### TASK DIRECTIONS
Would you transcribe each entry precisely as it stands, setting aside any images?

### DATASET CONTENT
_ _ _
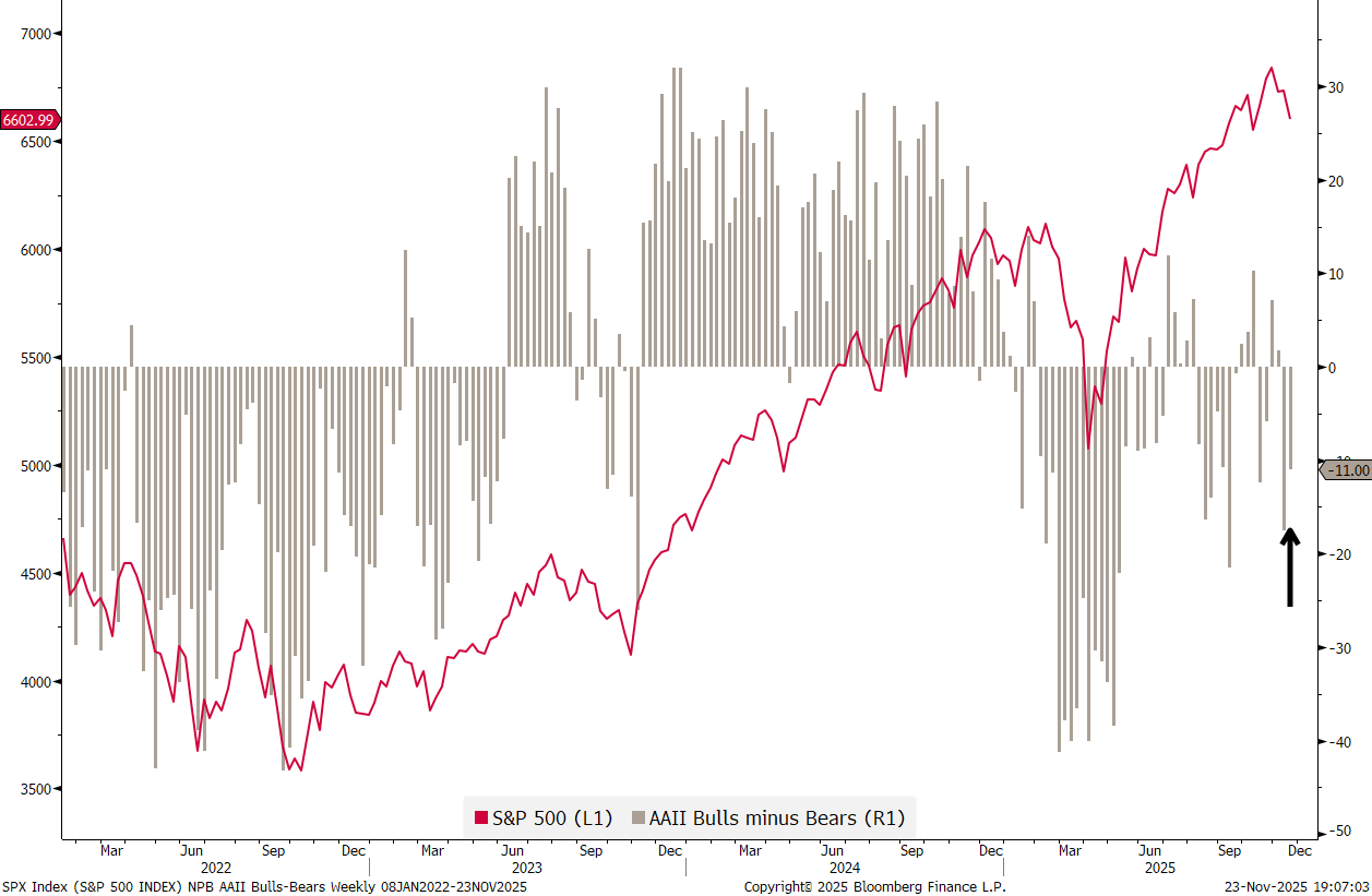 The AAII is not at negative extremes, but also negative enough to support an equity recovery:
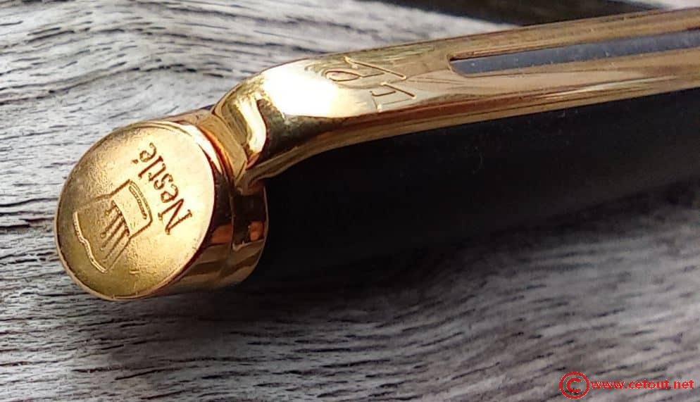 - Partie supérieure permettant la sortie de la bille par rotation 1/4 de tour. Extrémité du corps supérieur avec une bague dorée et logo marque Nestlé avec le nom. Corps partie supérieure en plastique non mat.
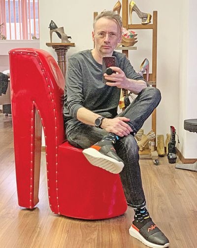 „Acest scaun, în formă de pantof, mi l-a dăruit una dintre cliente, care a fost foarte mulțumită de modelele lucrate. Îmi colorează atelierul, este roșu ca focul. Este lucrat din lemn și îmbrăcat în vinilin, toți îl admiră”, a spus acesta pentru Click.
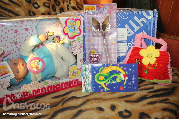 мы пошли в магазин, я как мама мальчика, н езнаю, что можно подарить девочке кроме кукол, но Слава Богу все пришло само собой) я вспомнила себя в детстве иподумала, что от сумочки я бы не отказалась))) А идею варежек подсказал наш папа, мы на днях Эндрю тоже купили и я столько сн ими носилась, что на вопрос "что подарить малышке", папа тут же выпалил "Варежки!")))))
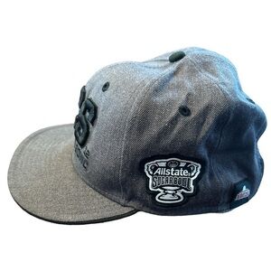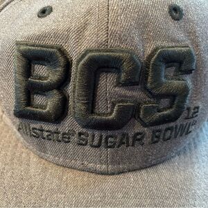 Nike True Snapback Flat Hat purchased at the 2012 BCS ALLSTATE SUGAR BOWL. Gray wool blend hat with plastic adjustable strap at back. BCS 12 ALLSTATE SUGAR BOWL embroidered spellout on front panel. Allstate Sugar Bowl embroidered patch/badge on one side. BCS logo tag on one side. Michigan block M embroidered in maize/yellow on other side. Nike swoosh logo embroidered on back panel. One size fits most. 85% acrylic/15% wool.
_ _ _
### SOLVED PROBLEM
 The AAII is not at negative extremes, but also negative enough to support an equity recovery:
 - Partie supérieure permettant la sortie de la bille par rotation 1/4 de tour. Extrémité du corps supérieur avec une bague dorée et logo marque Nestlé avec le nom. Corps partie supérieure en plastique non mat.
 „Acest scaun, în formă de pantof, mi l-a dăruit una dintre cliente, care a fost foarte mulțumită de modelele lucrate. Îmi colorează atelierul, este roșu ca focul. Este lucrat din lemn și îmbrăcat în vinilin, toți îl admiră”, a spus acesta pentru Click.
 мы пошли в магазин, я как мама мальчика, н езнаю, что можно подарить девочке кроме кукол, но Слава Богу все пришло само собой) я вспомнила себя в детстве иподумала, что от сумочки я бы не отказалась))) А идею варежек подсказал наш папа, мы на днях Эндрю тоже купили и я столько сн ими носилась, что на вопрос "что подарить малышке", папа тут же выпалил "Варежки!")))))
 Nike True Snapback Flat Hat purchased at the 2012 BCS ALLSTATE SUGAR BOWL. Gray wool blend hat with plastic adjustable strap at back. BCS 12 ALLSTATE SUGAR BOWL embroidered spellout on front panel. Allstate Sugar Bowl embroidered patch/badge on one side. BCS logo tag on one side. Michigan block M embroidered in maize/yellow on other side. Nike swoosh logo embroidered on back panel. One size fits most. 85% acrylic/15% wool.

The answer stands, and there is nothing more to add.